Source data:
------------------------------------------------------------------------
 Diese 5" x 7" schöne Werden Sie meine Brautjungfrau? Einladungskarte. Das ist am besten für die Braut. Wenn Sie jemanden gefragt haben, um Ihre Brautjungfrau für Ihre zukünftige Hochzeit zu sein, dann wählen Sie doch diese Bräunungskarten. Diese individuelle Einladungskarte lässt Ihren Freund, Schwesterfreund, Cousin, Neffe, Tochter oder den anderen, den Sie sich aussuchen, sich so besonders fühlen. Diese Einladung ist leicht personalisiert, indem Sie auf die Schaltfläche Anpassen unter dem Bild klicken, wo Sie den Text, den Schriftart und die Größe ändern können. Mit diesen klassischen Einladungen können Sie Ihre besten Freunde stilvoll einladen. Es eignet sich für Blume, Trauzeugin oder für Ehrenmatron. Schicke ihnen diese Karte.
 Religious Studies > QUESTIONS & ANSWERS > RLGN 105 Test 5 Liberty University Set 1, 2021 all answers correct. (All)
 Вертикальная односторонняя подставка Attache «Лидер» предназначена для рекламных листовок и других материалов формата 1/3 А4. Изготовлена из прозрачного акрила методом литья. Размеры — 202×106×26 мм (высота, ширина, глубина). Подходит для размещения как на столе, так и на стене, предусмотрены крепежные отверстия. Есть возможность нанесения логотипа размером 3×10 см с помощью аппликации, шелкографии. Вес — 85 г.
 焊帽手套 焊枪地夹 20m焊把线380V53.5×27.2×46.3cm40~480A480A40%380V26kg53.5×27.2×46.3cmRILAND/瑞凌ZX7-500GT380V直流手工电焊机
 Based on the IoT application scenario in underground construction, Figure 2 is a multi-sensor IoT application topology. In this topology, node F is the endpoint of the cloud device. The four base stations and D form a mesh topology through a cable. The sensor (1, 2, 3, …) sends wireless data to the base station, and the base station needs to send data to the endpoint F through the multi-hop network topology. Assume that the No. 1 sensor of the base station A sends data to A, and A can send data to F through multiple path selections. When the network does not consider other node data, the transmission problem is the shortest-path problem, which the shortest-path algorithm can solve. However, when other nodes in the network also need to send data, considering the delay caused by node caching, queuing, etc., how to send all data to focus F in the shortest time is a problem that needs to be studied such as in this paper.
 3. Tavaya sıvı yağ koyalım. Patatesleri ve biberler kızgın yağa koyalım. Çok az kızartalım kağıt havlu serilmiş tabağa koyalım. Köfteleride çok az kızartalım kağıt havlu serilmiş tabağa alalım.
------------------------------------------------------------------------
▸ **Goal of the exercise**
Could you write out all of the entries precisely as they stand?

▸ **Exercise output**
 Diese 5" x 7" schöne Werden Sie meine Brautjungfrau? Einladungskarte. Das ist am besten für die Braut. Wenn Sie jemanden gefragt haben, um Ihre Brautjungfrau für Ihre zukünftige Hochzeit zu sein, dann wählen Sie doch diese Bräunungskarten. Diese individuelle Einladungskarte lässt Ihren Freund, Schwesterfreund, Cousin, Neffe, Tochter oder den anderen, den Sie sich aussuchen, sich so besonders fühlen. Diese Einladung ist leicht personalisiert, indem Sie auf die Schaltfläche Anpassen unter dem Bild klicken, wo Sie den Text, den Schriftart und die Größe ändern können. Mit diesen klassischen Einladungen können Sie Ihre besten Freunde stilvoll einladen. Es eignet sich für Blume, Trauzeugin oder für Ehrenmatron. Schicke ihnen diese Karte.
 Religious Studies > QUESTIONS & ANSWERS > RLGN 105 Test 5 Liberty University Set 1, 2021 all answers correct. (All)
 Вертикальная односторонняя подставка Attache «Лидер» предназначена для рекламных листовок и других материалов формата 1/3 А4. Изготовлена из прозрачного акрила методом литья. Размеры — 202×106×26 мм (высота, ширина, глубина). Подходит для размещения как на столе, так и на стене, предусмотрены крепежные отверстия. Есть возможность нанесения логотипа размером 3×10 см с помощью аппликации, шелкографии. Вес — 85 г.
 焊帽手套 焊枪地夹 20m焊把线380V53.5×27.2×46.3cm40~480A480A40%380V26kg53.5×27.2×46.3cmRILAND/瑞凌ZX7-500GT380V直流手工电焊机
 Based on the IoT application scenario in underground construction, Figure 2 is a multi-sensor IoT application topology. In this topology, node F is the endpoint of the cloud device. The four base stations and D form a mesh topology through a cable. The sensor (1, 2, 3, …) sends wireless data to the base station, and the base station needs to send data to the endpoint F through the multi-hop network topology. Assume that the No. 1 sensor of the base station A sends data to A, and A can send data to F through multiple path selections. When the network does not consider other node data, the transmission problem is the shortest-path problem, which the shortest-path algorithm can solve. However, when other nodes in the network also need to send data, considering the delay caused by node caching, queuing, etc., how to send all data to focus F in the shortest time is a problem that needs to be studied such as in this paper.
 3. Tavaya sıvı yağ koyalım. Patatesleri ve biberler kızgın yağa koyalım. Çok az kızartalım kağıt havlu serilmiş tabağa koyalım. Köfteleride çok az kızartalım kağıt havlu serilmiş tabağa alalım.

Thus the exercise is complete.